What to produce
Retype, word for word, the line holding "grande área com" and every line below it to the end of the listing. Leave out the pictures.

....................

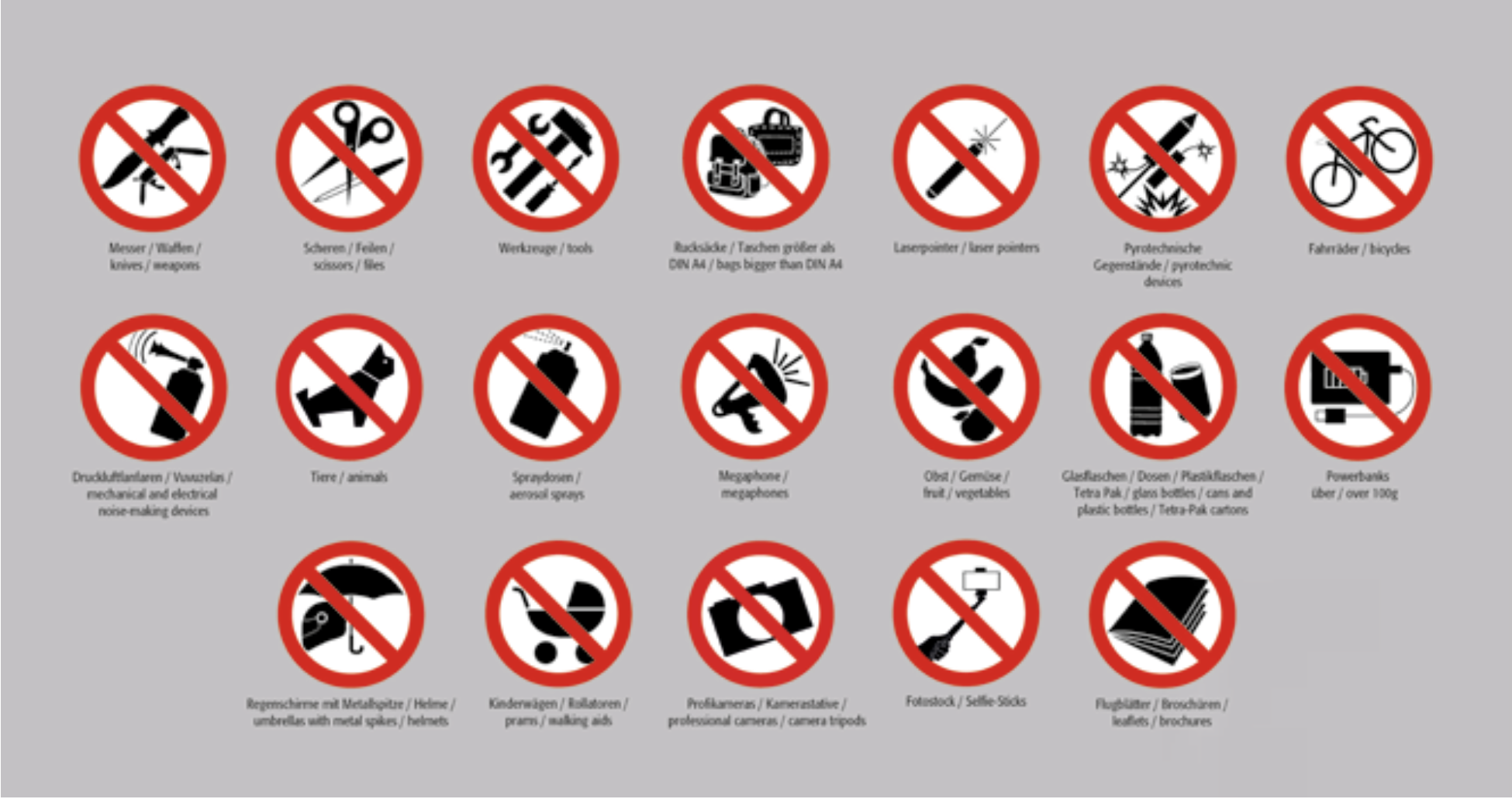 Dalí věci, které do Allianz Areny nepatří, jsou znázorněny na obrázku.
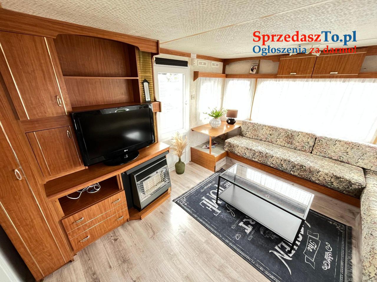 - SALON: Wygodna kanapa narożnikowa, meble do przechowywania, piecyk gazowy, telewizor, stolik, dodatkowe wyjście na zewnątrz, NA PODŁODZE NOWE PANELE
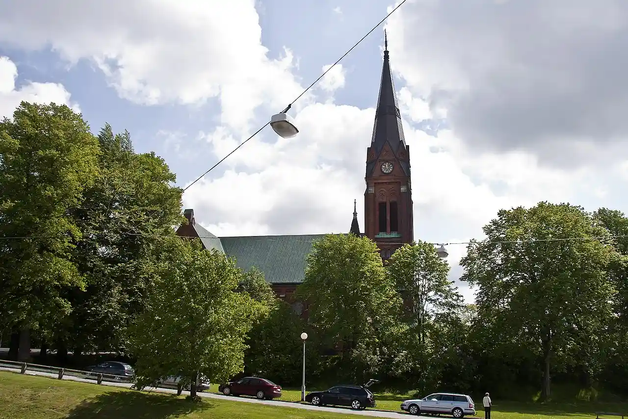 Örgryte new church () is a church in the gothic style on Svalberget. The church is a part of the Örgryte congregation () in Gothenburg. Because of the nature of the plot, the church is oriented northeast–southwest. It has a cross layout with open rafters and vaulted, pentagonal chancels. The church tower is almost 60 meters tall. Read more on Wikipedia
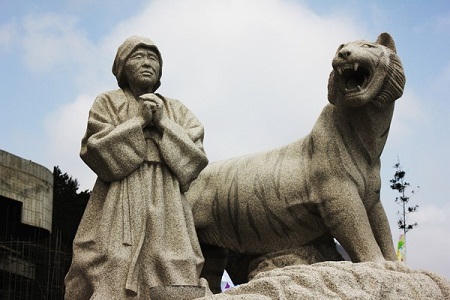 Người dân nơi đây đã quen thuộc với câu chuyện và còn tạc nên bức tượng bà Bbyong cùng với con hổ dữ (Ảnh: kimchiguesthouse)
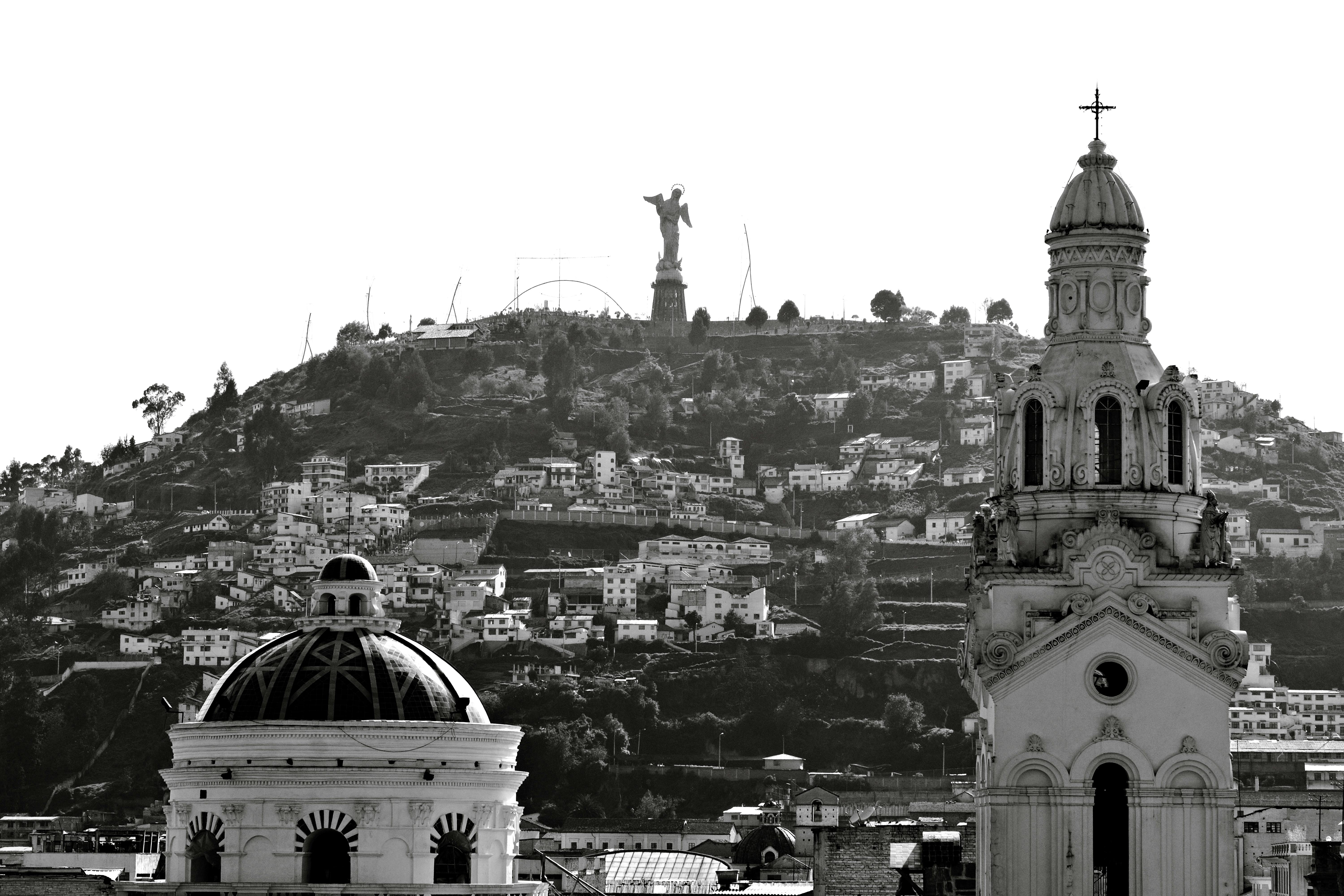 Fotografía en blanco y negro que muestra la vista panorámica de Quito con la basílica y la estatua del Panecillo en la colina. La imagen captura la arquitectura colonial e histórica de la ciudad capital ecuatoriana con excelente composición y contraste.
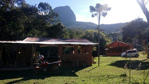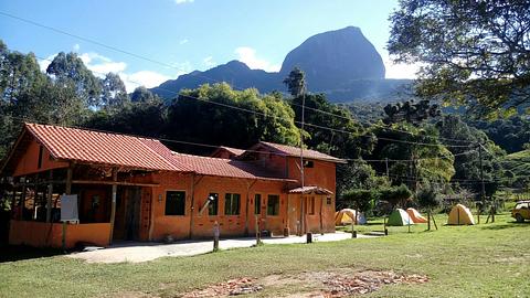 grande área com bastante sombra na base da montanha pico do Papagaio. Você pode caminhar até o topo a partir daqui. Recepção amigável. Banheiros limpos, chuveiro quente e cozinha com fogão e geladeira. R$ 30 por pessoa.
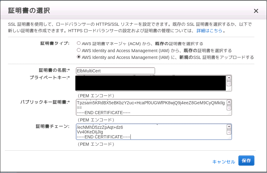 - 証明書の設定AWS Elastic Load Balancing 新規/更新用

....................

Response to this exercise
 grande área com bastante sombra na base da montanha pico do Papagaio. Você pode caminhar até o topo a partir daqui. Recepção amigável. Banheiros limpos, chuveiro quente e cozinha com fogão e geladeira. R$ 30 por pessoa.
 - 証明書の設定AWS Elastic Load Balancing 新規/更新用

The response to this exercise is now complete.